Assumptions

Assumption: Discrete Logarithm Problem


Let \(G\) be a finite cyclic group of order \(n\), with \(\gamma\) as its generator and \(1\) as the identity element. For any element \(\alpha \in G\), there is currently no known efficient (polynomial-time) algorithm to compute the smallest non-negative integer \(x\) such that \(\alpha = \gamma^{x}\).


The Discrete Logarithm Problem can be thought of as a one-way function. It's easy to compute \(g^{x}\) given \(g\) and \(x\), but it's computationally difficult to find \(x\) given \(g\) and \(g^{x}\).

Assumption: Elliptic Curve Discrete Logarithm Problem


Let \(E\) be an elliptic curve defined over a finite field \(\mathbb{F}_q\), where \(q\) is a prime power. Let \(P\) be a point on \(E\) of point order \(n\), and let \(\langle P \rangle\) be the cyclic subgroup of \(E\) generated by \(P\). For any element \(Q \in \langle P \rangle\), there is currently no known efficient (polynomial-time) algorithm to compute the unique integer \(k\), \(0 \leq k < n\), such that \(Q = kP\).

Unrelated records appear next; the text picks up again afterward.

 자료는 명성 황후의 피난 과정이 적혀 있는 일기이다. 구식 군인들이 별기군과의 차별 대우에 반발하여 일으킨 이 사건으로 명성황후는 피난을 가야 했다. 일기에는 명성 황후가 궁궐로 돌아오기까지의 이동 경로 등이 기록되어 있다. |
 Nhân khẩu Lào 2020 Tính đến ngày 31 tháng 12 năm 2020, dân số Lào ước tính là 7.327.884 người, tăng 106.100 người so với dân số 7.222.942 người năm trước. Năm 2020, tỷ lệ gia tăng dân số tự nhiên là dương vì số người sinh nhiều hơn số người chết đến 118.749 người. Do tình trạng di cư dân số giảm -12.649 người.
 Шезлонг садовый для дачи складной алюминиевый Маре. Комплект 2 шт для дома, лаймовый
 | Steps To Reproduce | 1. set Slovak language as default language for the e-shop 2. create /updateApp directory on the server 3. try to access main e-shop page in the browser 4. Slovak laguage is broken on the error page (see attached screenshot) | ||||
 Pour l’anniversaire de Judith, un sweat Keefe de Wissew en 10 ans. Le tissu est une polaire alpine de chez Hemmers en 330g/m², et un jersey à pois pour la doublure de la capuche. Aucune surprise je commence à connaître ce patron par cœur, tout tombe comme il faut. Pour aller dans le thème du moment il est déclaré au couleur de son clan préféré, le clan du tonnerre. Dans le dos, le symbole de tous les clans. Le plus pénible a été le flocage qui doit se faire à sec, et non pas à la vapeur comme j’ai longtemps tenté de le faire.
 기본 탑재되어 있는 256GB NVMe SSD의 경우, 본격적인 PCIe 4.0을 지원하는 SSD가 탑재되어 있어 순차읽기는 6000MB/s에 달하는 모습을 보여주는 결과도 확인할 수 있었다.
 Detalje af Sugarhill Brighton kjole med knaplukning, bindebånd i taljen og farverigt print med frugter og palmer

This assumption is an elliptic curve version of the Discrete Logarithm Problem.

Assumption: Knowledge of Exponent Assumption


Let \(G\) be a cyclic group of prime order \(q\) with generator \(g \in G\). For any probabilistic polynomial-time algorithm \(\mathcal{A}\) that outputs:

\begin{equation} \mathcal{A}(g, g^x) = (h, h') \quad s.t. \quad h' = h^x \end{equation} , there exists an efficient extractor \(\mathcal{E}\) such that: \begin{equation} \mathcal{E}(\mathcal{A}, g, g^x) = y \quad s.t. \quad h = g^y \end{equation}


This assumption states that if \(\mathcal{A}\) can compute the pair \((g^y, g^{xy})\) from \((g, g^x)\), then \(\mathcal{A}\) must "know" the value \(y\), in the sense that \(\mathcal{E}\) can extract \(y\) from \(\mathcal{A}\)'s internal state. The Knowledge of Exponent Assumption is useful for constructing verifiable exponential calculation algorithms. Consider a scenario where Alice has a secret value \(a\), and Bob has a secret value \(b\). Bob wants to obtain \(g^{ab}\). This can be achieved through the following protocol:

Verifiable Exponential Calculation Algorithm

  1. Bob sends \((g, g'=g^{b})\) to Alice
  2. Alice sends \((h=g^{a}, h'=g'^{a})\) to Bob
  3. Bob checks \(h^{b} = h'\).

Thanks to the Discrete Logarithm Assumption and the Knowledge of Exponent Assumption, the following properties hold:

  • Bob cannot derive \(a\) from \((h, h')\).
  • Alice cannot derive \(b\) from \((g, g')\).
  • Alice cannot generate \((t, t')\) such that \(t \neq h\) and \(t^{b} = t'\).
  • If \(h^{b} = h'\), Bob can conclude that \(h\) is the power of \(g\).